__What you have to do__:
Starting at the first line of the material below, retype each line exactly until you reach the line with "교통소음·공사음 확인 |", which is also included; pictures stay out.
──────── Data below ────────
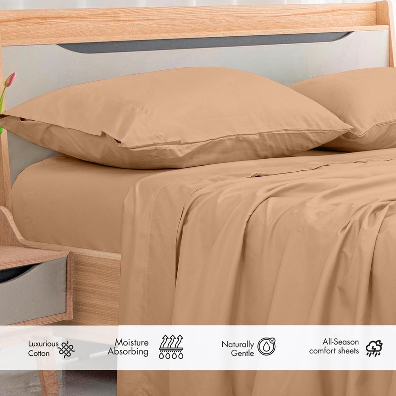 Royale Linens 300 Thread Count 100% Long Staple Combed Cotton Flat Sheet - Super Soft - Top Sheets - King Flat Sheet Sold Separately - Breathable, Cool & Crisp Percale Sheets Only (King, Sand)
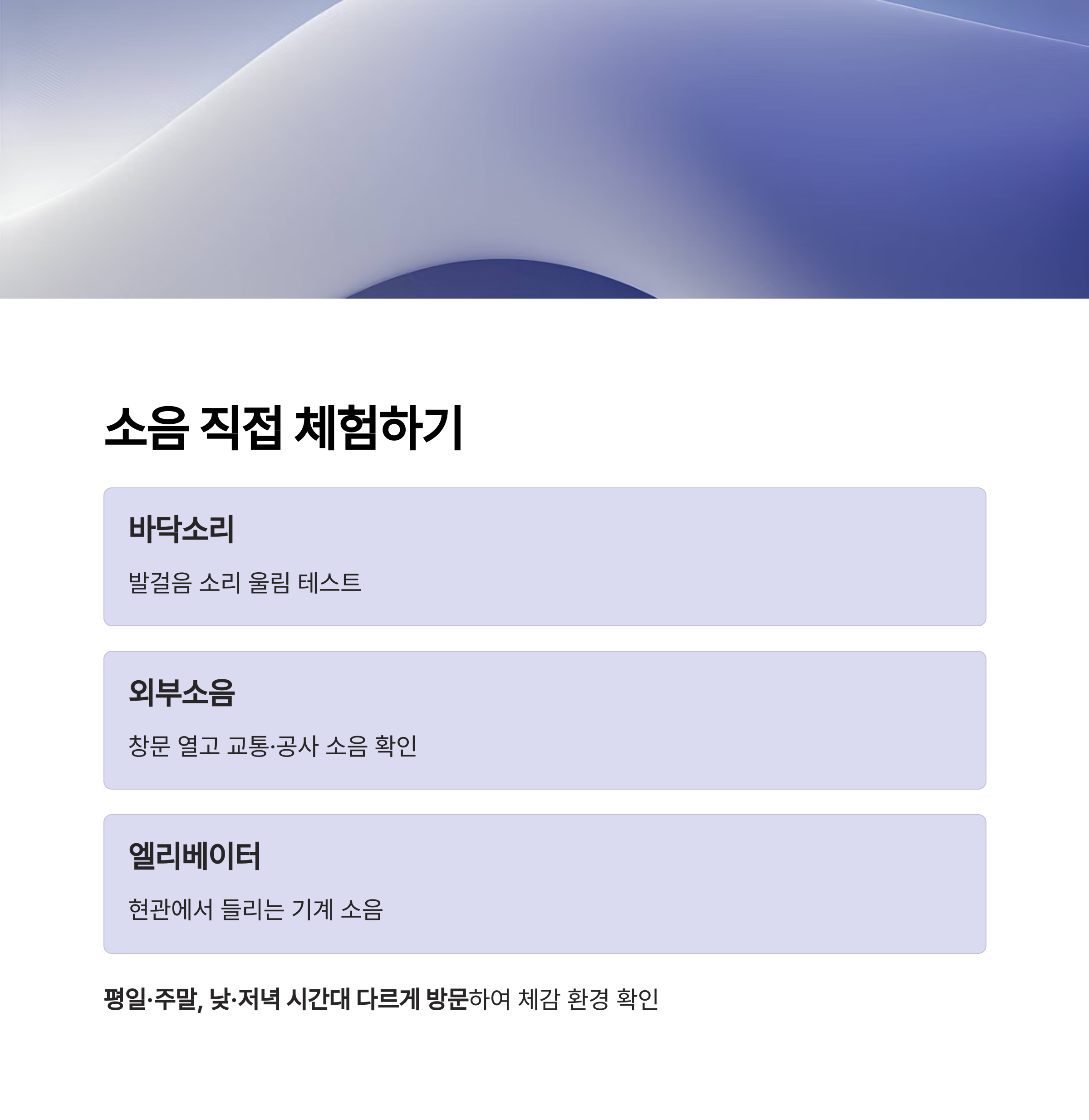 | 외부소음 | 창문 열고 교통소음·공사음 확인 |
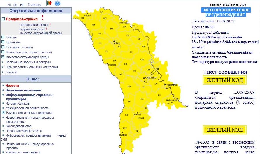 В то же время, до 25 сентября в стране действует «желтый код» в связи с чрезвычайной пожарной опасностью (V класс) природного характера, а до 21 сентября действует гидрологическое предупреждение в связи с низкой водностью: на малых реках бассейна нижнего течения р. Реут, бассейнам рек Бык, Ботна, Когильник, Ялпуг и Кагул сохраняется оранжевый код опасности.
────────
__Reply__:
 Royale Linens 300 Thread Count 100% Long Staple Combed Cotton Flat Sheet - Super Soft - Top Sheets - King Flat Sheet Sold Separately - Breathable, Cool & Crisp Percale Sheets Only (King, Sand)
 | 외부소음 | 창문 열고 교통소음·공사음 확인 |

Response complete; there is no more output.